Content starts
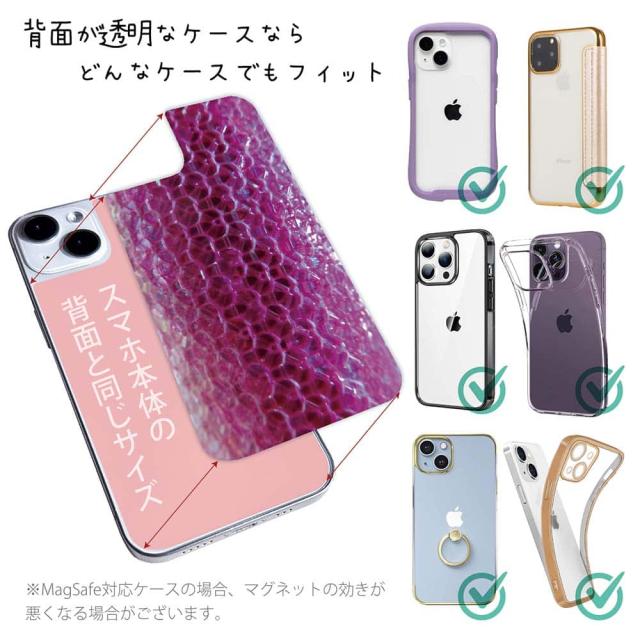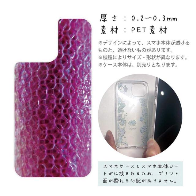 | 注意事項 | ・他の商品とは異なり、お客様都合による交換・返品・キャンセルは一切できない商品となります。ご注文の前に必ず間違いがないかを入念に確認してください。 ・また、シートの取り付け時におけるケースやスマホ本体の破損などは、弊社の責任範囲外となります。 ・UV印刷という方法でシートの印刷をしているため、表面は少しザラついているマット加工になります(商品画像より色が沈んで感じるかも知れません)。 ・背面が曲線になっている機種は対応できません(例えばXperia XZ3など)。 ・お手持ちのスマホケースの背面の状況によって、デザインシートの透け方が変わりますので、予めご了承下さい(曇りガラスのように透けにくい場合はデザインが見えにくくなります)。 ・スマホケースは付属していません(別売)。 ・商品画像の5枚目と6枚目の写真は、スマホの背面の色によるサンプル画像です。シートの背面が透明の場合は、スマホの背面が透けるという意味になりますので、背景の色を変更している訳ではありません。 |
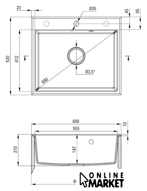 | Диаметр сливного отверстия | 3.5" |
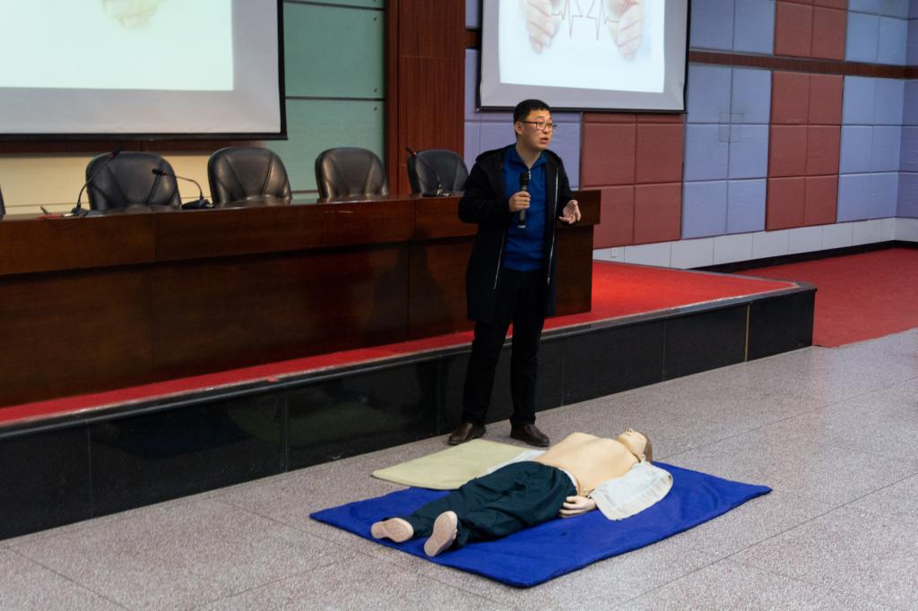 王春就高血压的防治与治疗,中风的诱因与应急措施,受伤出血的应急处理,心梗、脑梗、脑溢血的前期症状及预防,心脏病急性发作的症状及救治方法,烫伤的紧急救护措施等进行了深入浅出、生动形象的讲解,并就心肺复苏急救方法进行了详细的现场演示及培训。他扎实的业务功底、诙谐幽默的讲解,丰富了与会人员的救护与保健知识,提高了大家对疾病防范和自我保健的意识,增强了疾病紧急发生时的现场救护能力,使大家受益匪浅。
Content ends
Content starts
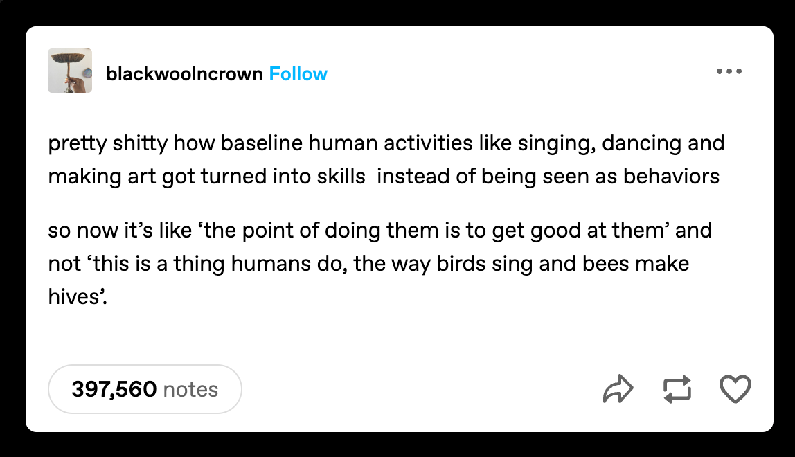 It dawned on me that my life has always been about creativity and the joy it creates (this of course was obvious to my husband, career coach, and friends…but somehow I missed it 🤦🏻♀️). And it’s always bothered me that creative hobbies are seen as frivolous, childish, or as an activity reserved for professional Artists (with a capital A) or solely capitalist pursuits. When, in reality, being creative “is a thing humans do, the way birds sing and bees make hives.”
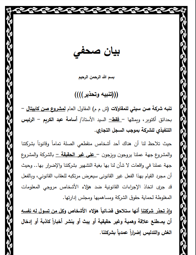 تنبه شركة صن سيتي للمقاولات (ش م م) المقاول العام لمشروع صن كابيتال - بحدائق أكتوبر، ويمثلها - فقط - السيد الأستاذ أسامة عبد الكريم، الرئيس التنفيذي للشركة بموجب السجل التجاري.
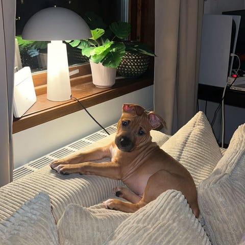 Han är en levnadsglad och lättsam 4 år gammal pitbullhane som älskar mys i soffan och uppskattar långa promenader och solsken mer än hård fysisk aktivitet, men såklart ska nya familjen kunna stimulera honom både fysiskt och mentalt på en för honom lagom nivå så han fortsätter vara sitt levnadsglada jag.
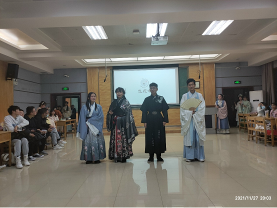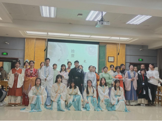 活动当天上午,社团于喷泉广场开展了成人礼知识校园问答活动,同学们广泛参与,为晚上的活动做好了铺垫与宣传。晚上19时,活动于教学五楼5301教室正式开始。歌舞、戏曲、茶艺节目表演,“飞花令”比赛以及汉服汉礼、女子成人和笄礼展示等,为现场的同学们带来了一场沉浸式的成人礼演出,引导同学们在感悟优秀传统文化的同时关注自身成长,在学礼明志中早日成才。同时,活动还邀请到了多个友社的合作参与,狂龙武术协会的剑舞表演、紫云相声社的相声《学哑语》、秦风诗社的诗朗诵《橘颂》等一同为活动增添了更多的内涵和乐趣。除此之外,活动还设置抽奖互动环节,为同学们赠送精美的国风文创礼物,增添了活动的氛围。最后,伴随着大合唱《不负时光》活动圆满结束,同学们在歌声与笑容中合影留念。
Content ends
Content starts
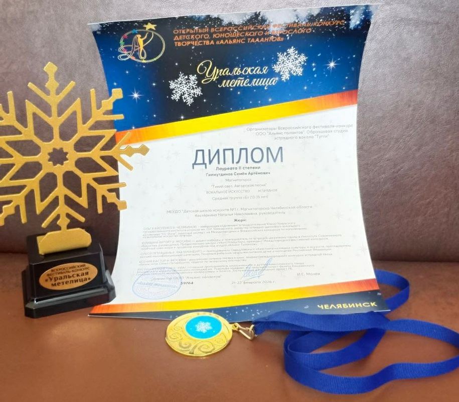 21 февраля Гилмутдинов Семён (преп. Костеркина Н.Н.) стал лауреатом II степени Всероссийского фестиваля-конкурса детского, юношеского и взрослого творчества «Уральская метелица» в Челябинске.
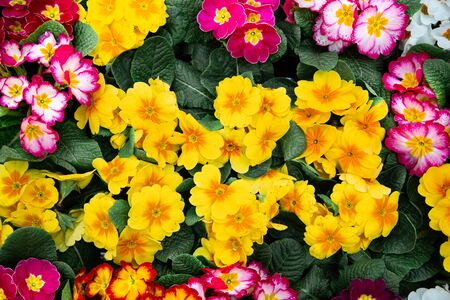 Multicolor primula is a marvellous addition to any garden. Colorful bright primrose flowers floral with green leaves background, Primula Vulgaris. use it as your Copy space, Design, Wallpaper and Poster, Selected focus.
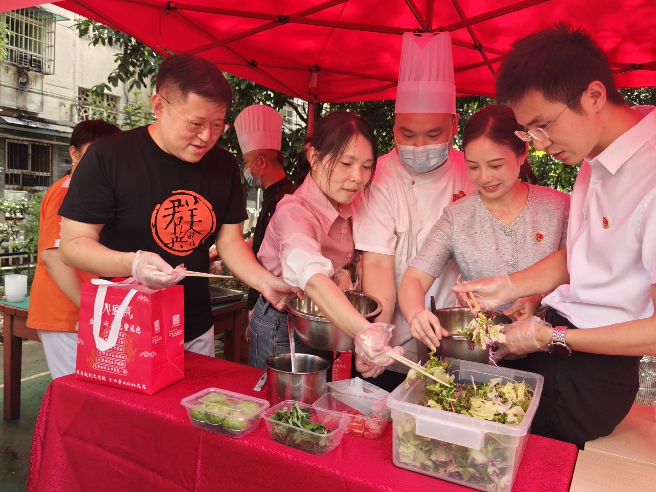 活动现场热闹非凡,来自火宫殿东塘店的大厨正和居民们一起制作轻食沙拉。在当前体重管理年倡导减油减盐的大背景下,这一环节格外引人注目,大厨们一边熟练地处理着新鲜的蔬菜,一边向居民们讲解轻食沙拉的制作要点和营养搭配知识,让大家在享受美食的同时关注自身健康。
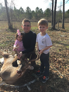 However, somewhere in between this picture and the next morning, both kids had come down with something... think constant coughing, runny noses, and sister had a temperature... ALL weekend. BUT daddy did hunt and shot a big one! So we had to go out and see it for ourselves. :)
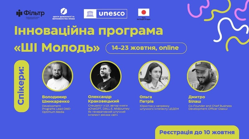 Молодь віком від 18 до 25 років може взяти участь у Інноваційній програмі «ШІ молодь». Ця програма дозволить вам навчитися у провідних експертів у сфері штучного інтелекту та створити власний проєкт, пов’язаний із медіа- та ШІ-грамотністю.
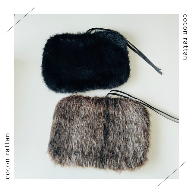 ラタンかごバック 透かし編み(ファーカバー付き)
Content ends
=== What to do ===
Leaving all pictures out, output exactly the lines of the material above from the line with "Диаметр сливного отверстия" to the line with "王春就高血压的防治与治疗,中", both included.

=== Exercise result ===
 | Диаметр сливного отверстия | 3.5" |
 王春就高血压的防治与治疗,中风的诱因与应急措施,受伤出血的应急处理,心梗、脑梗、脑溢血的前期症状及预防,心脏病急性发作的症状及救治方法,烫伤的紧急救护措施等进行了深入浅出、生动形象的讲解,并就心肺复苏急救方法进行了详细的现场演示及培训。他扎实的业务功底、诙谐幽默的讲解,丰富了与会人员的救护与保健知识,提高了大家对疾病防范和自我保健的意识,增强了疾病紧急发生时的现场救护能力,使大家受益匪浅。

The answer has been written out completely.